事務所のドアをたたき、返事を待たずに引き開けると、思ったとおり田村と呼ばれた怖い顔のオッサンが顔を出した。飯田の顔を見た途端、まさか本当に来るとは思っていなかった様子で、田村は大きく目を見開いた。凄んでいるときには気付かなかったが、案外目がクリクリしていて可愛いじゃないか、などと、飯田は関係の無い事を考えていた。
「予定通り止めに来たぜ。社長さん、居る?」
飯田が本来使うはずも無い腰道具をチラつかせながら不敵に笑うと、田村は「待ってろ」とドスの利いた声で言い捨てて、奥へ引っ込んだ。
三人は事務所の入り口付近に緊張しながら突っ立っていた。すると、今彼らが入ってきた背後のドアから、女社長が姿を現した。光沢のある黒のタイトなワンピースを着ている。まだ五月だと言うのに胸元が信じられないくらいに開いているデザインだ。
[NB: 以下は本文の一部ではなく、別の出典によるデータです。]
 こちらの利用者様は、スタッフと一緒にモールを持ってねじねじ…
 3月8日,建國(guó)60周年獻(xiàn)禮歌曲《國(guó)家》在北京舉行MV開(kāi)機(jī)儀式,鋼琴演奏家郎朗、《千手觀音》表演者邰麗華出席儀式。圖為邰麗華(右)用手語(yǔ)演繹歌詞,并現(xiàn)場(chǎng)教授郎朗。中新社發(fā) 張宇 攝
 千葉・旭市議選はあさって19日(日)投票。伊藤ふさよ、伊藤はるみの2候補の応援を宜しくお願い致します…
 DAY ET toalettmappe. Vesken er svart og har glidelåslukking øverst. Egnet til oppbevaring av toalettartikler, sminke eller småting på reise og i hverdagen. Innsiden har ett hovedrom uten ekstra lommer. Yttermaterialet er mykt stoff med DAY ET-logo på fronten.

坂井の目は女社長の胸元から離れなくなってしまったようだった。彼女の後ろから、茶髪の若い美青年が付き従い、後ろ手にドアを閉めた。カチャッとカギが掛かった音がして、ようやく坂井の視線が女社長の胸元から逸れた。
「ど、どうして、カギを?」慌てる坂井を無視して、女社長は飯田の顔を見据えた。
「ホントに来ちゃったんだ。ふふふ……」
女社長は妖艶に笑うと、飯田の唇に人差し指で軽く触れた。なにやら妖しい雰囲気に、岩佐と坂井が一歩後ずさる。
飯田は無表情のままで言った。
「小切手が不渡りになったぞ。今、現金で支払ってくれるなら、間に合うが……。ダメなら止まるぜ、電力が」
「そんなことはさせないわ。ここから出れなきゃ、作業も出来ないでしょう?」
女社長は、飯田の腰道具にチラリと目をやると言った。
その時、坂井の携帯が鳴った。田村がギロリと睨みを利かせる中、坂井はおどおどと電話に出た。事務所内の全員の目が坂井に集中する。
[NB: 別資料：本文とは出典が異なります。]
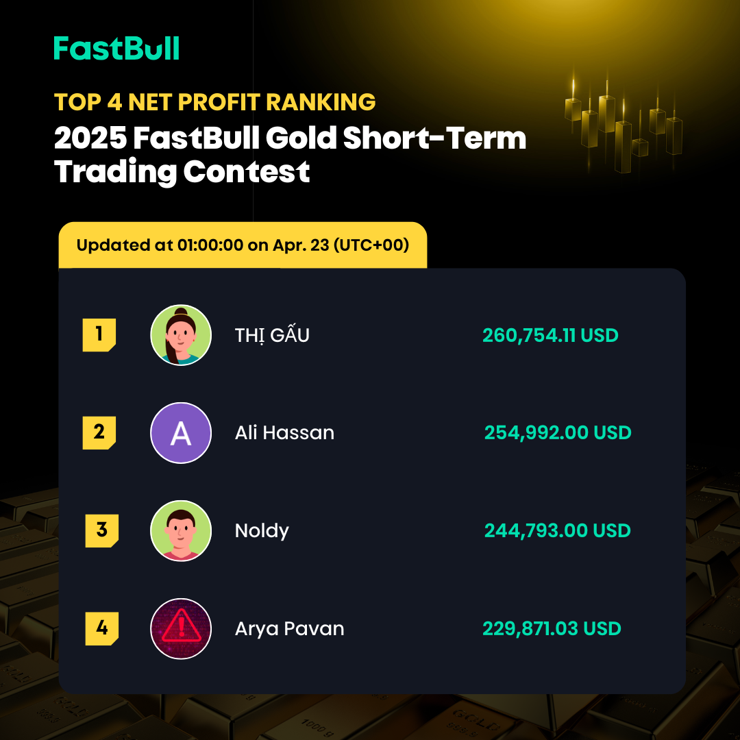 Important Reminder: The FastBull Gold Short-Term Trading Contest will conclude on May 1, 2025, at 00:00 (UTC +00)! At that time, the top three ranked traders will share a total of $3,500 in cash prizes!
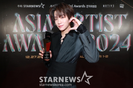 태국 가수 토니 유가 27일 오후 태국 방콕 임팩트 챌린저 홀 1-2(IMPACT Challenger Hall 1-2)에서 진행된 '제9회 아시아 아티스트 어워즈'(The 9th Asia Artist Awards, 이하 'AAA 2024')에서 AAA 이모티브상을 수상한 뒤 포즈를 취하고 있다.
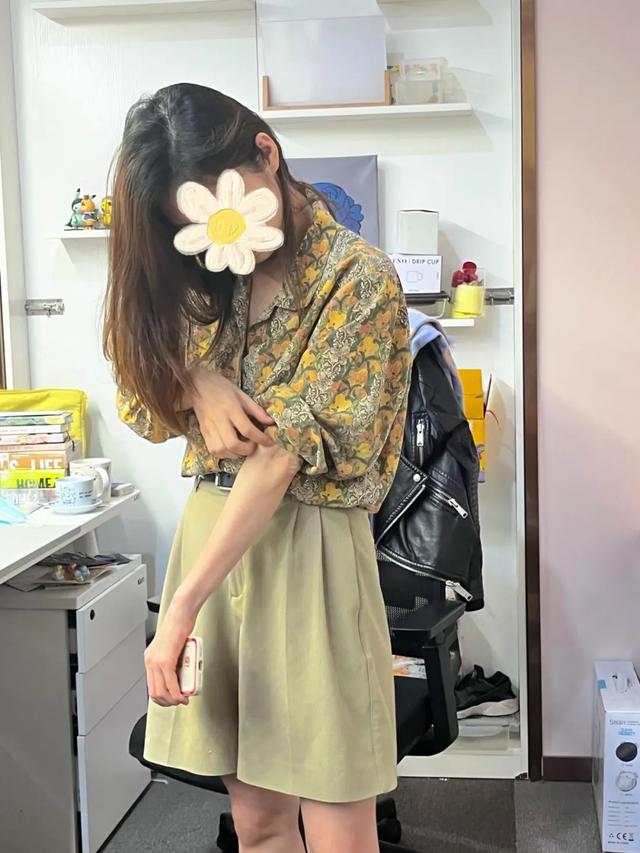 另一位辣媽種草號(@每天只種一棵草)的好白用花襯衫搭配同色系的百慕大短褲,濃濃的復(fù)古感。▼

「はい、はい……ちょっと待ってください。今、確認します」
そう言うと、坂井は飯田の背中をつついて言った。
「で? 支払いは……?」
飯田がニヤリとする。不穏な気配を感じたのか、女社長の顔が険しくなった。
「課長、どうやら払ってくれないらしいですよ。外に居る作業グループの方にそう伝えてください」
飯田がしゃべり終わるか終わらないかのうちに、女社長がわめきだした。
「ちょっと! 作業グループってなによ! あんたが止めるんじゃないの?」女社長は坂井の手の中の携帯を奪い、床にたたきつけると飯田に向かって叫んだ。
「冗談じゃないわ。営業妨害よ! 田村、メンバーを全員呼びなさい!」
そのとき、フッと事務所の電気が消えた。
ミコトと丹羽がパチンコ店グランドホールに到着したときには、店内は修羅場と化していた。店の駐車場にはパトカーが三台と帝都電力の高所作業車、そして作業用トラックが二台、さらに軽自動車数台がズラリと並んでいる。
ミコトは眉をひそめた。たかが停止作業に、いったいこの物々しさは何だ?
丹羽がミコトの肩をつついて促すと、店内へ入って行った。普段はパチンコの電子音が溢れている店内は、罵声と怒号の渦に包まれていた。
「どうしてくれんだよっ! 三万突っ込んで、やっと確変来たってのに!」怖そうな親父が店員に掴みかかっている。
「このまま帰れって、いったいどういう事? 納得できないわ!」おばさん連中も、目を三角にしてわめいていた。あまりの喧騒に、ミコトは眩暈がした。帝都電力の社員たちはどこだろう? 辺りを見回すと、店の奥の事務所から女社長のわめく声が聴こえてきた。
「こんな事して、タダで済むと思ってんの! 損失分の補償金を、必ず払ってもらうわよっ!」
女社長は、事務所内に居た飯田たちを、物凄い形相で睨みつけると、言葉にならないわめき声をあげながら、彼らを店の外へと追い出し始めた。ミコトが飯田たちに混じって店から押し出される中、丹羽店長の良く通る大声が聞こえた。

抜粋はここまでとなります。